▶ _Directions_: Give again, exactly and without pictures, the lines running from the line with "首先是春暖花开活动,参与活动" to the end of the records below.

Recorded data
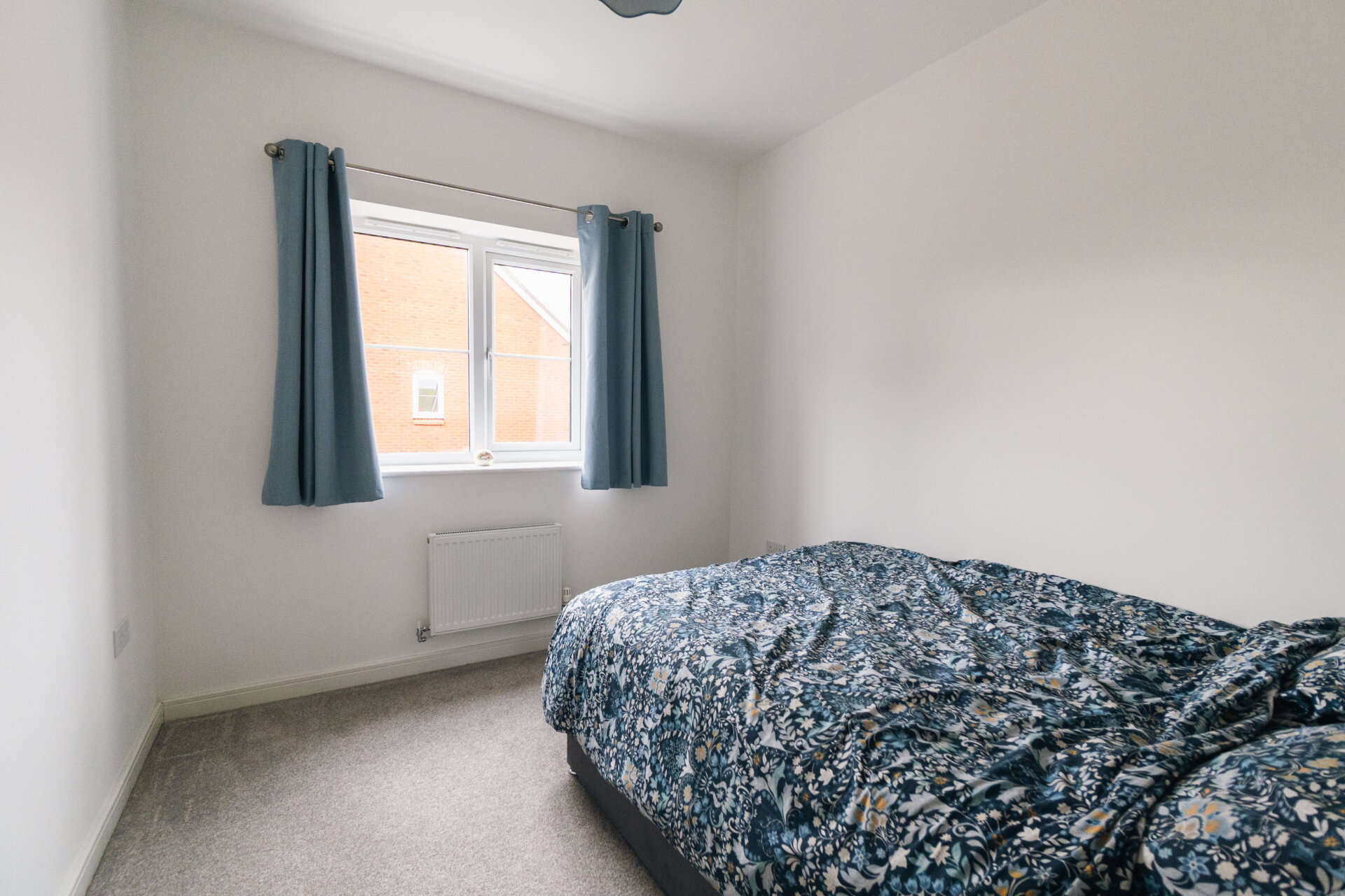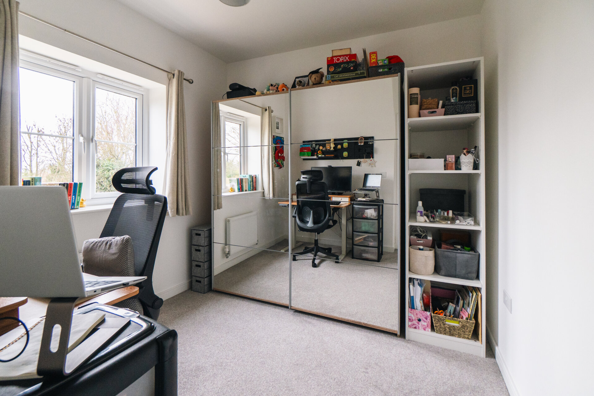 Bedroom three is currently utilised as a home office, yet offers sufficient space for a small double bed. The room features neutral carpet, a radiator, and a window to the front elevation, providing natural light.
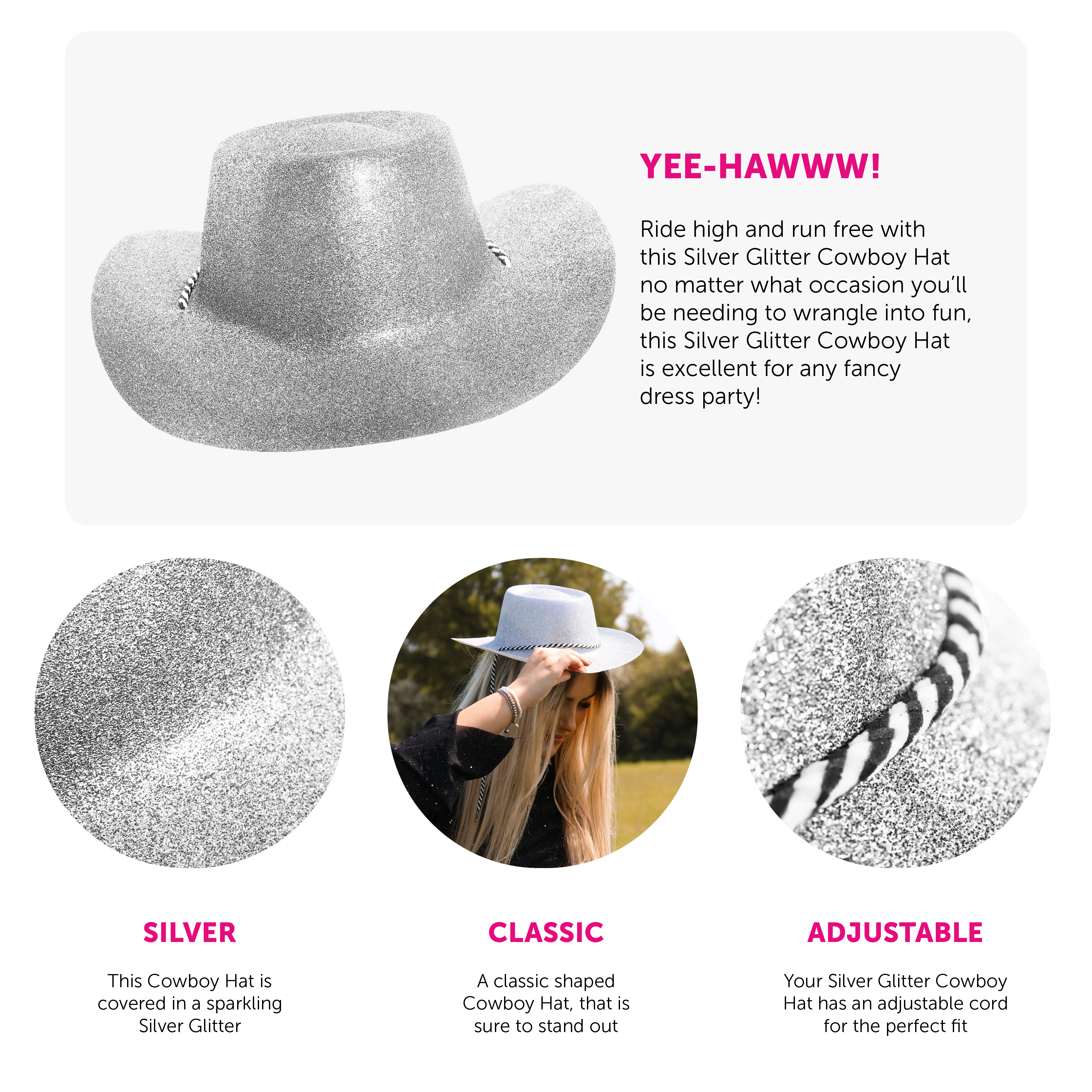 SILVER GLITTER COWBOY HAT: Ride high and run free with this Silver Glitter Cowboy Hat no matter what occasion you’ll be needing to wrangle into fun, this Silver Glitter Cowboy Hat is excellent for any fancy dress party!
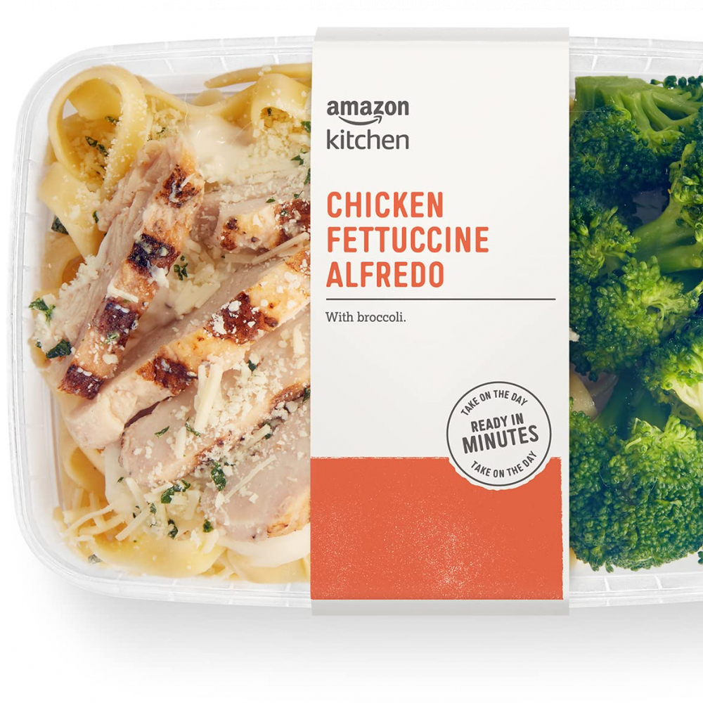 Chicken strips and fettuccine with broccoli, parmesan, romano, parsley, and alfredo sauce Ready in Minutes Microwave on high for 2.5 minutes
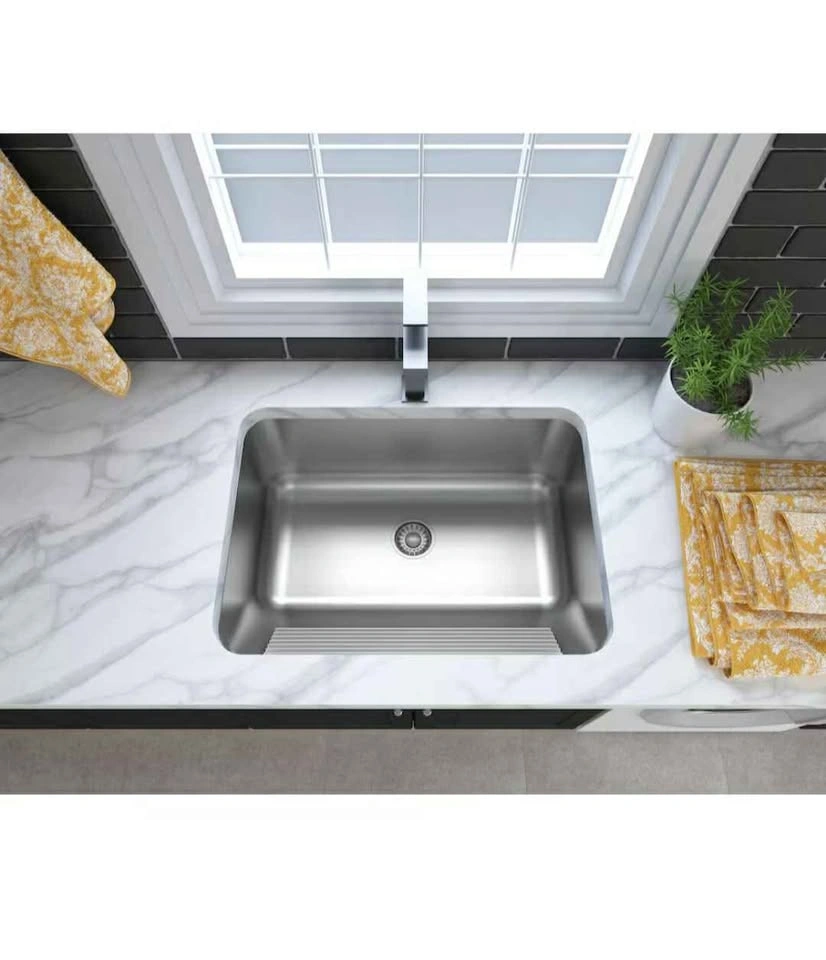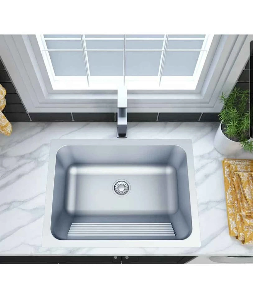 Italia Collection Dual Mount Stainless Steel 24-inch Laundry Sink with Built-in Washboard in Soft Satin BRAND NEW IN BOX $485 MODEL NUMBER LA186100 Crafted from premium stainless steel that is durable, elegant, and antimicrobial ensuring a cleaner environment. With generous depth to accommodate the bulkiest loads and still minimize splashing. This sink is built to withstand the demands of daily use, making it a long-lasting investment for your home. The built-in washboard adds extra cleaning power for tough stains and delicate fabrics. Increase the lifespan of your favorites and enjoy more precise stain removal without the wear and tear of regular use of a washing machine. You can wash clothes as needed without waiting for a full load. It's convenient, space-saving, and efficient. We've incorporated sound-absorbing pads and a special paint underneath the sink to reduce noise, ensuring a quieter and more pleasant experience. Meticulously crafted in Europe with a heritage of precision engineering and craftsmanship. Each sink is manufactured to the highest standards of quality and durability. Stylish, functional, innovative European craftsmanship 18 gauge thickness and type 304 composition stainless steel designed to withstand heavy usage and resist corrosion ensuring longevity Stainless steel's antimicrobial properties make it resistant to bacteria growth, promoting a cleaner and safer environment Elite sound dampening technology applied to the underside of sink to reduce noise Added convenience and benefits of state of the art built-in washboard design 10" bowl depth allows for larger capacity and less mess.
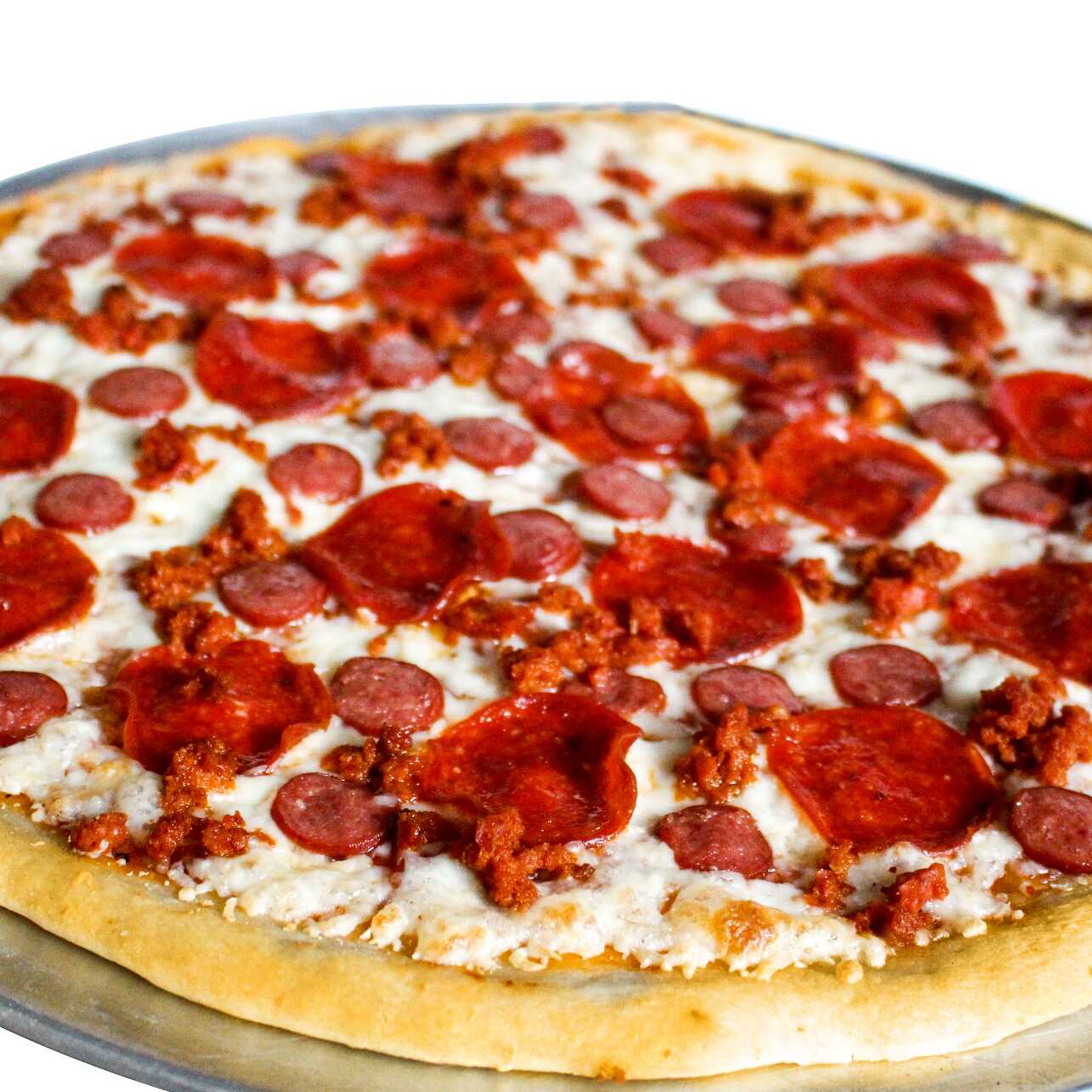 Preparada con salchicha de res, pepperoni y chorizo. Pizza artesanal, de masa delgadita, mediana, horneada en base de ladrillo refractario, con ingredientes de alta calidad.
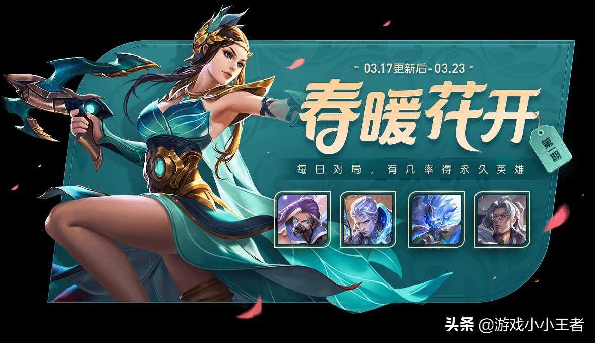 首先是春暖花开活动,参与活动,有机会获得永久英雄/皮肤。时间是更新后至4月13日,活动分为四期,每期持续一周,完成每周的任务收集暖春幸运树来兑换礼物。四期活动最多可以收集68个暖春幸运树!
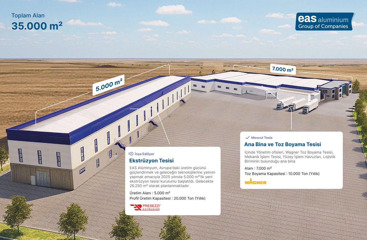 Uzun vadeli büyüme stratejisinin bir parçası olarak EAS Aluminium, Edirne Organize Sanayi Bölgesi’nde 35 bin metrekarelik yeni ekstrüzyon tesisinin inşasına başladı. Bu stratejik yatırım, EAS’in Avrupa’daki operasyonlarında yeni bir dönemin başlangıcını simgeliyor. Yatırımla birlikte üretim kapasitesi artırılacak, operasyonel verimlilik geliştirilecek ve çevresel sürdürülebilirlikte yeni bir seviye hedeflenecek.
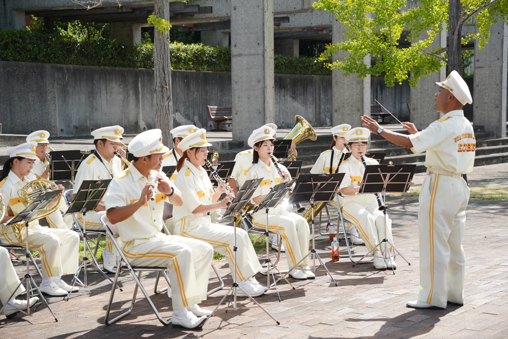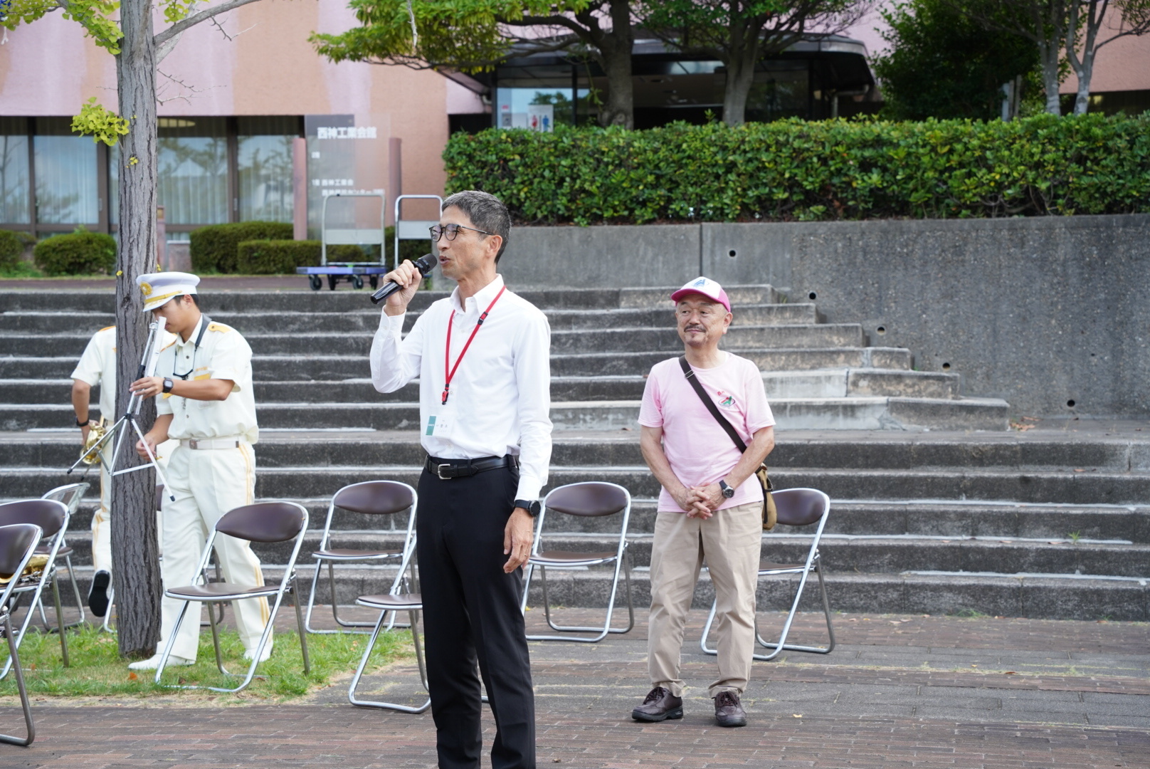 開会宣言の後、上田勇次 西神工業会会長の挨拶に続き、神戸市西区長 豊永太郎氏の来賓ご挨拶のあと、神戸市消防音楽隊によるミニコンサートが始まりました。アニメソングや映画音楽を中心に演奏していただき、途中、防災に関する広報も織り交ぜながら、20分あまりの素晴らしいパフォーマンスに参加者の手拍子も加わり、イベントに華を添えていただきました。
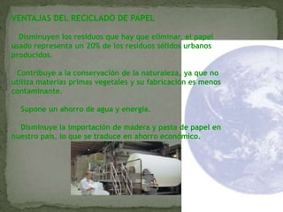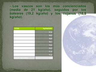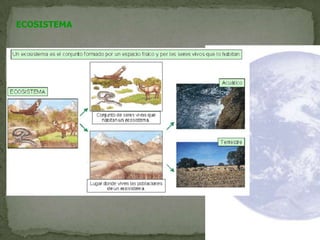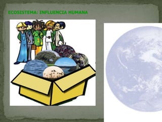 El documento describe los diferentes tipos de ecosistemas y la influencia humana en ellos, incluyendo la generación de residuos. Explica la importancia del reciclaje de papel, plástico, vidrio, metales, medicamentos, pilas, electrodomésticos y móviles para reducir los desechos, ahorrar recursos y proteger el medio ambiente.
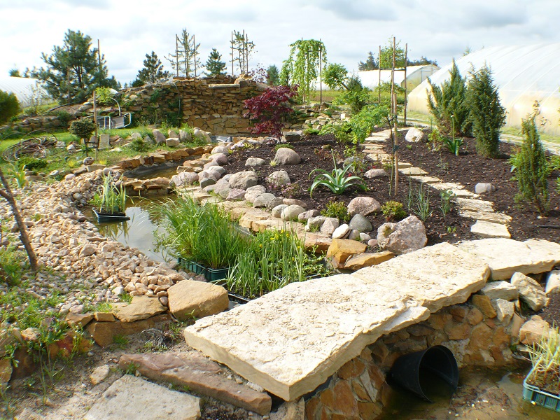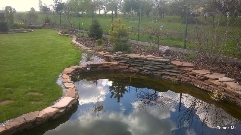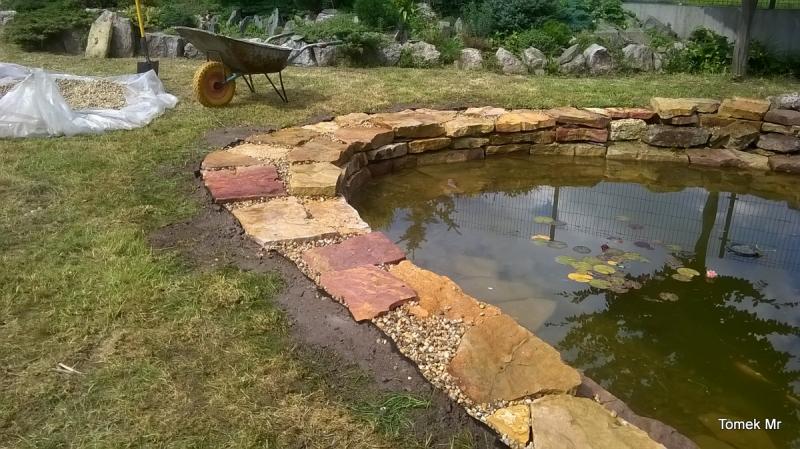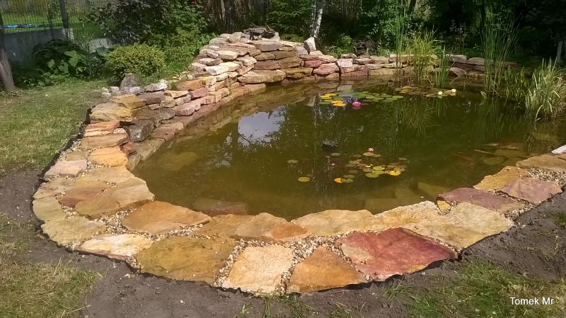 Tu brzegi oczka zostały wyłożone płaskimi blokami piaskowca.
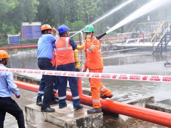 किस तरीके से करें बचाव, समझाया तरीकाघटना स्थल पर गैस रिसाव वाले स्थान पर आग लगने पर इसे उच्च लेवल की आपात स्थिति मानते हुए कंपनी प्रबंधन द्वारा जिला प्रशासन को घटना के बारे में सूचित किया गया और स्वयं जिला आपदा प्रबंधन की नोडल अधिकारी एवं डीआरओ पूनम अपनी टीम के साथ वहां पहुंची. इसके बाद एनडीआरएफ व एसडीआरएफ की टीमें विभिन्न आपदा सुरक्षा उपायों के माध्यम से हालात पर काबू पाती हैं. इस गैस लीकेज में कुछ लोग भी घिरे हुए दिखाए गए. जिन्हें संबंधित टीमों द्वारा प्राथमिक सहायता देते हुए उसे नजदीकी अस्पताल में इलाज के लिए पहुंचाया. इसके अलावा यह भी दिखाया गया कि आपातकाल के दौरान किस तरीके से बचाव कार्य को अंजाम देना चाहिए, क्योंकि पेट्रोलियम पदार्थ बहुत ज्वलनशील पदार्थ है इसलिए उसे किस तरीके से बचाव किया जा सकता है.

▶ _Response area_:
 首先是春暖花开活动,参与活动,有机会获得永久英雄/皮肤。时间是更新后至4月13日,活动分为四期,每期持续一周,完成每周的任务收集暖春幸运树来兑换礼物。四期活动最多可以收集68个暖春幸运树!
 Uzun vadeli büyüme stratejisinin bir parçası olarak EAS Aluminium, Edirne Organize Sanayi Bölgesi’nde 35 bin metrekarelik yeni ekstrüzyon tesisinin inşasına başladı. Bu stratejik yatırım, EAS’in Avrupa’daki operasyonlarında yeni bir dönemin başlangıcını simgeliyor. Yatırımla birlikte üretim kapasitesi artırılacak, operasyonel verimlilik geliştirilecek ve çevresel sürdürülebilirlikte yeni bir seviye hedeflenecek.
 開会宣言の後、上田勇次 西神工業会会長の挨拶に続き、神戸市西区長 豊永太郎氏の来賓ご挨拶のあと、神戸市消防音楽隊によるミニコンサートが始まりました。アニメソングや映画音楽を中心に演奏していただき、途中、防災に関する広報も織り交ぜながら、20分あまりの素晴らしいパフォーマンスに参加者の手拍子も加わり、イベントに華を添えていただきました。
 El documento describe los diferentes tipos de ecosistemas y la influencia humana en ellos, incluyendo la generación de residuos. Explica la importancia del reciclaje de papel, plástico, vidrio, metales, medicamentos, pilas, electrodomésticos y móviles para reducir los desechos, ahorrar recursos y proteger el medio ambiente.
 Tu brzegi oczka zostały wyłożone płaskimi blokami piaskowca.
 किस तरीके से करें बचाव, समझाया तरीकाघटना स्थल पर गैस रिसाव वाले स्थान पर आग लगने पर इसे उच्च लेवल की आपात स्थिति मानते हुए कंपनी प्रबंधन द्वारा जिला प्रशासन को घटना के बारे में सूचित किया गया और स्वयं जिला आपदा प्रबंधन की नोडल अधिकारी एवं डीआरओ पूनम अपनी टीम के साथ वहां पहुंची. इसके बाद एनडीआरएफ व एसडीआरएफ की टीमें विभिन्न आपदा सुरक्षा उपायों के माध्यम से हालात पर काबू पाती हैं. इस गैस लीकेज में कुछ लोग भी घिरे हुए दिखाए गए. जिन्हें संबंधित टीमों द्वारा प्राथमिक सहायता देते हुए उसे नजदीकी अस्पताल में इलाज के लिए पहुंचाया. इसके अलावा यह भी दिखाया गया कि आपातकाल के दौरान किस तरीके से बचाव कार्य को अंजाम देना चाहिए, क्योंकि पेट्रोलियम पदार्थ बहुत ज्वलनशील पदार्थ है इसलिए उसे किस तरीके से बचाव किया जा सकता है.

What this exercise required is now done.